Martin Truex Jr. Just Won’t Go Away

Martin Truex Jr. just won’t go away.

It had been 29 races since Truex last won a race before Sunday afternoon at Phoenix Raceway, but he’s been through much lengthier, of course.

“I don’t look at those numbers,” Truex said. “I don’t really pay attention to it.”

This one was particularly frustrating because the 2017 champion was in the mix every week, but just couldn’t close out for whatever reason.

“I don’t know how many times we’ve been second, third, fourth, top-5 since we won last year at Martinsville,” Truex said. “But it’s been a bunch.”

Yeah.

There were 13 top-5s after he won at Martinsville Speedway last June, including a pesky seven-race stretch where he finished third or second literally seven times over a 10-day span.

“It’s like, man, what do we have to do to turn it around so it’s our day,” Truex said. “I think that’s probably what you see, a little bit of relief and excitement for how hard the guys have really worked to put together all the details and make it happen.”

At 40-years-old, you never know if a season with that much wasted potential would portend a downturn that would sharply manifest itself the following season, and Truex knows that — even if he doesn’t know the exact numbers of any winless streak.

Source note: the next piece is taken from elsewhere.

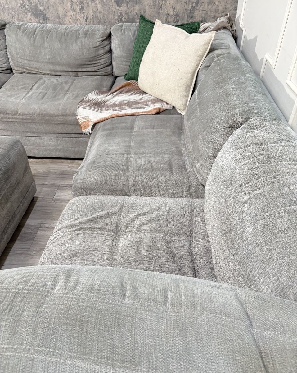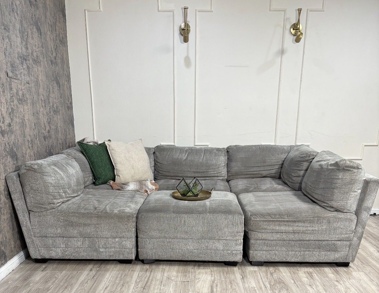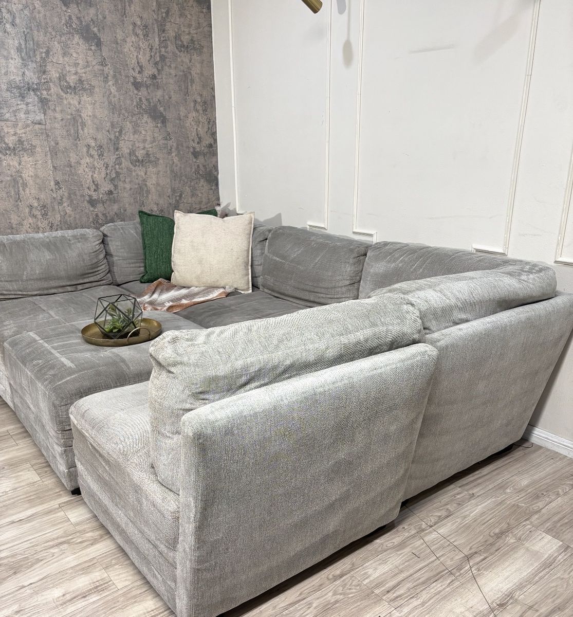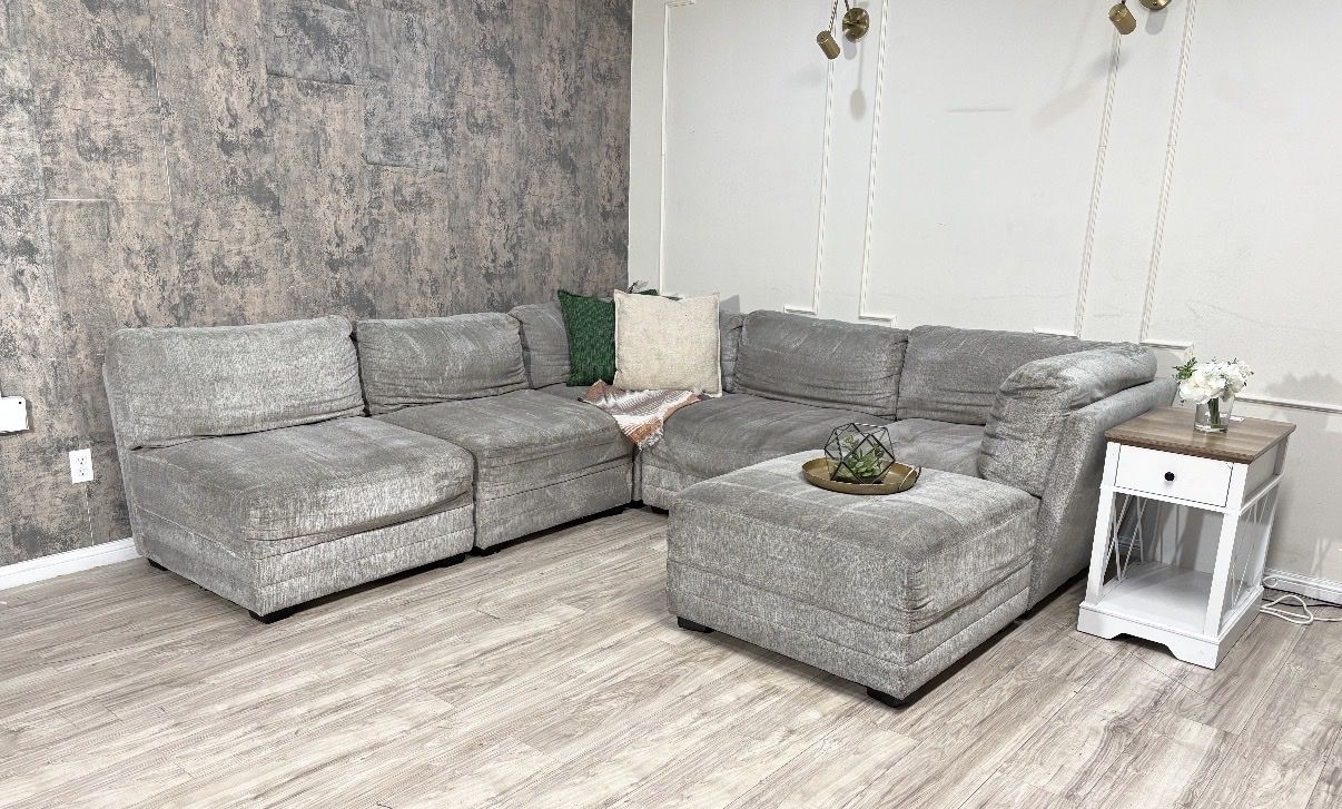 This is an amazing modular sectional. Color is light grey has some wear show overall very comfortable and perfect for lounging. It is 6 pieces can be reconfigured as needed.

He wore a knowing expression on his face upon climbing out on the frontstretch. While he always expects to reach Victory Lane, Truex didn’t actually expect it at Phoenix.

“It’s never been our greatest track, I’ll say that,” Truex said. “It’s always been just okay. I’ve never come here with a really warm, fuzzy feeling that we’re going to go there and win, we’re going to go there and be really, really strong and lead laps.

“That was definitely a nice surprise today.”

It was especially surprising considering that Truex slapped the wall early in the race — necessitating a lengthy repair job on pit road.

But again, Truex wouldn’t go away.

Once his car was repaired, he methodically worked his way back to the front and took the lead from Joey Logano on a restart with 25 laps remaining and would lead untouched the rest of the way.

The victory for Truex was encapsulating of his entire career in many ways.

Truex snapped a 69-race winless streak the first time he took then underdog Furniture Row Racing to Victory Lane at Pocono in 2015. His lone victory at Michael Waltrip Racing at Sonoma in 2013 broke a 213-race winless streak dating back to his first victory at Dover with Dale Earnhardt Inc.

After back-to-back Busch Series championships, Truex was poised to become one of the next big things, but his career never really took with organizations that were always trending in the wrong direction and ultimately closed shortly after his departure.

He was 36-years-old entering the 2016 season with just three wins to his credit, but again, he just didn’t go away.

You couldn’t keep Truex down.

Since then, Furniture Row latched on with Toyota, which eventually paved the way for Truex to join Joe Gibbs Racing upon the closure of the former. He averaged seven wins a season from 2016 to 2019 and earned a sure-fire entry into the NASCAR Hall of Fame upon his retirement, all in the past five years.

Sunday was his 28th win, which ties him all-time with Carl Edwards, who many consider a Hall of Famer even without a championship or Daytona 500 triumph.

But again, Truex doesn’t count numbers one way or the other, be it the accomplishments or the slumps. It’s probably what keeps him level and so impossible to keep away in the first place.

“I don’t chase numbers or anything,” Truex said. “I do this because I love it. I do it to be part of a team and have that camaraderie and to challenge myself.

“There are days when I feel like I can win a couple more championships. There are days when I say to myself I’ve done a lot, I’m really lucky to have done what I’ve done, to win championships in this series and in the Xfinity Series, win a bunch of races. It’s been really fun.

“When I moved to North Carolina as a 24-year-old, I never would have thought I would be able to accomplish all the things I have,” he said. “So, from that standpoint I’m really excited.”

So, for anyone who counted Truex out after a competitive but plain unlucky season, your sense of history probably fails you.